Some time ago, at the advice of an Orthodox Monk, I took up the practice of getting through the psalter of David each week. It became like "second nature."

Now, however, it seemed to take me forever to read through the Psalms.

Then, as I was reading Psalm 9 at work one day, I got to a line that not only spoke in a special way to me, it caused an unforgettable effect.

At that moment, it felt as if I had a drink of milk. Indeed, I remember swallowing. A great sense of peace enveloped me. I tried to ignore it, telling myself this is all in my head.

Yet, as I got up and walked around, I felt that something was inside of me. Perhaps this was the beginning of the end . . .

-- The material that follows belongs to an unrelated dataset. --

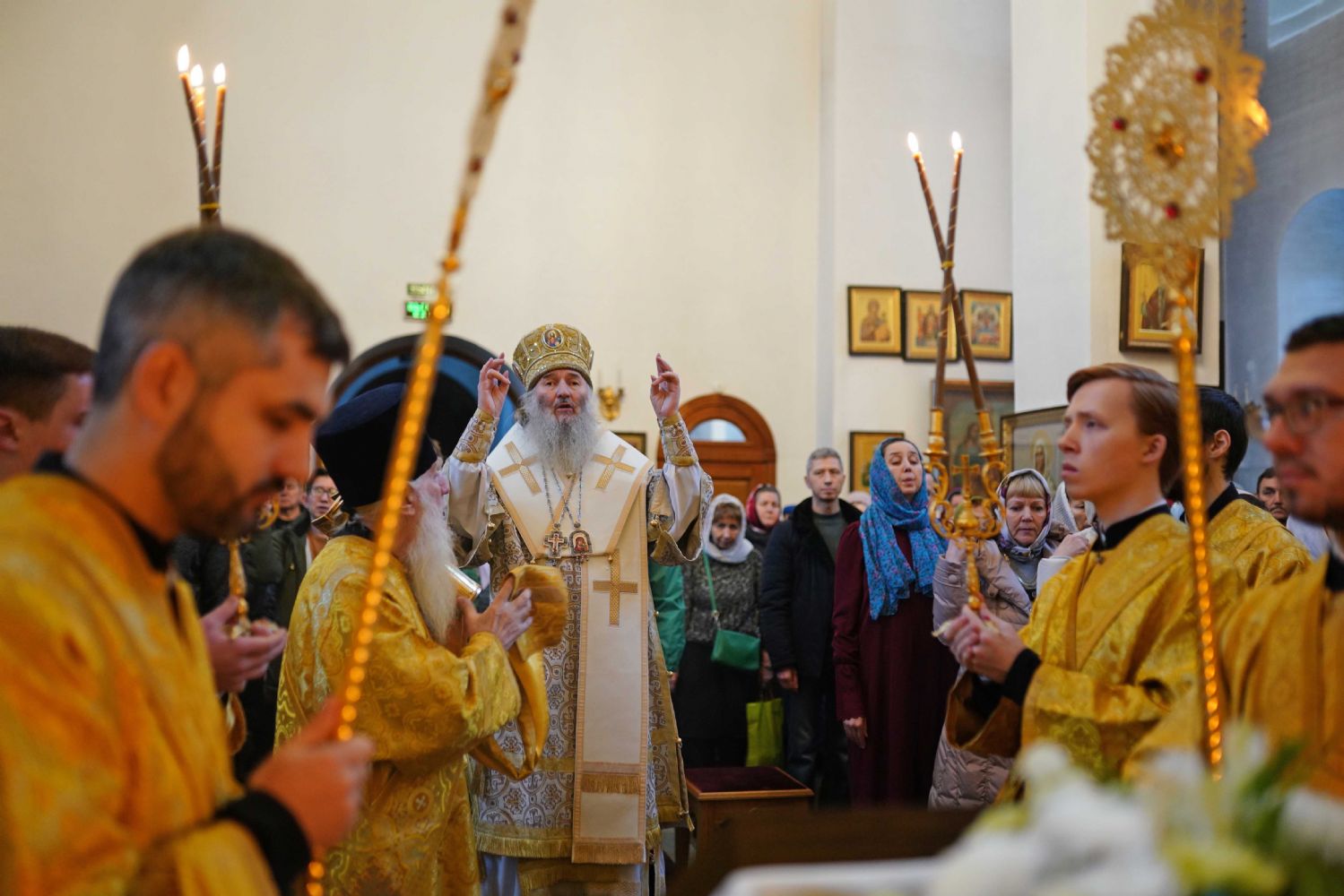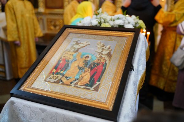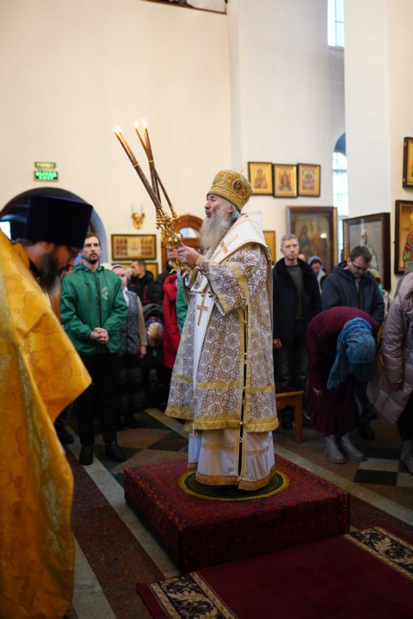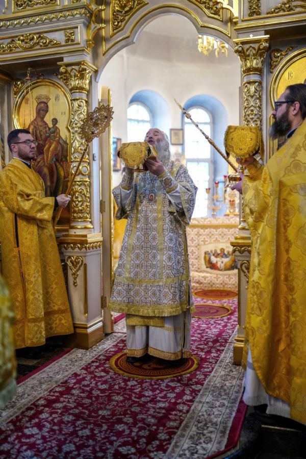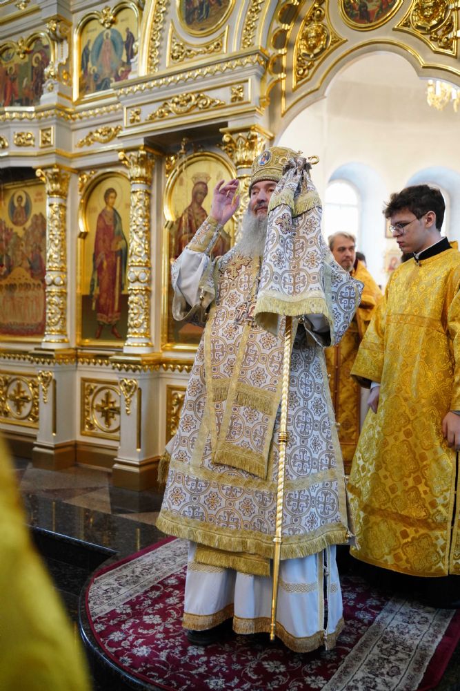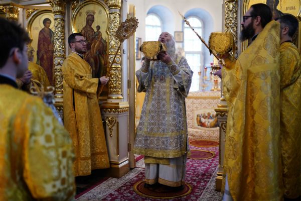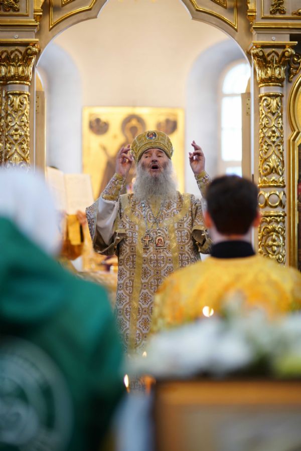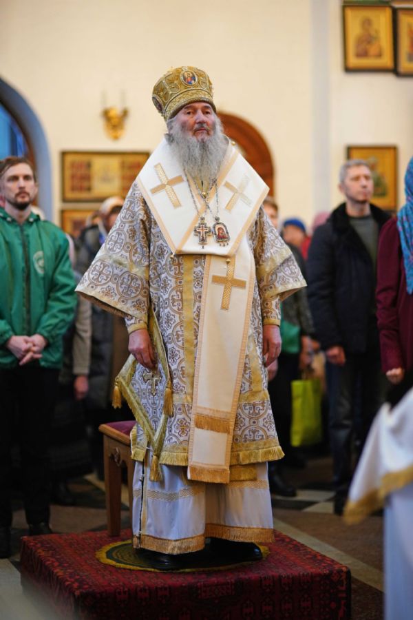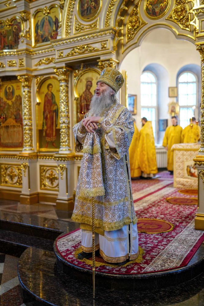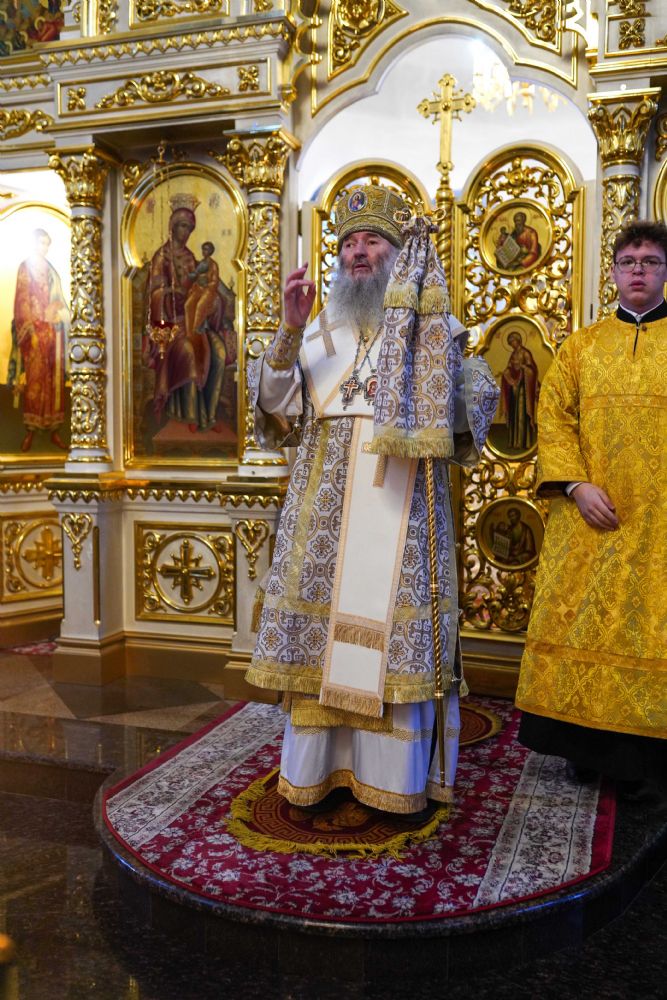 После чтения Евангелия митрополит Иоанн обратился к собравшимся с проповедью, разъяснив духовный смысл прочитанного за богослужением евангельского зачала о званных на пир.

Later that morning, I took my blood sugar reading and it was, for the first time, way below what it was before. I continued taking the pills, but my sugar was dropping at an amazing rate that even my doctor wouldn't believe.

In two days, after reporting my readings to the doctor, I received messages at work, home and everywhere. The message was - stop taking the pills, you don't need them anymore. I still don't.

I have since met other people who have had similar experiences, the experience of feeling milk being poured into them etc.

I now speak at diabetic workshops about this, together with others.

Doctors and other health care practitioners are thinking about how to repeat this experience under laboratory-controlled conditions.

The point is, they can't. Those who have experienced these things didn't expect them when they did. They came as a surprise and, like me, tried to ignore what was so obvious to their senses.

We should pray and fast, especially during Lent. We may also expect God to respond to our prayer.

God will, but in His good time, not ours. But when He does, oh, can Heaven be any better?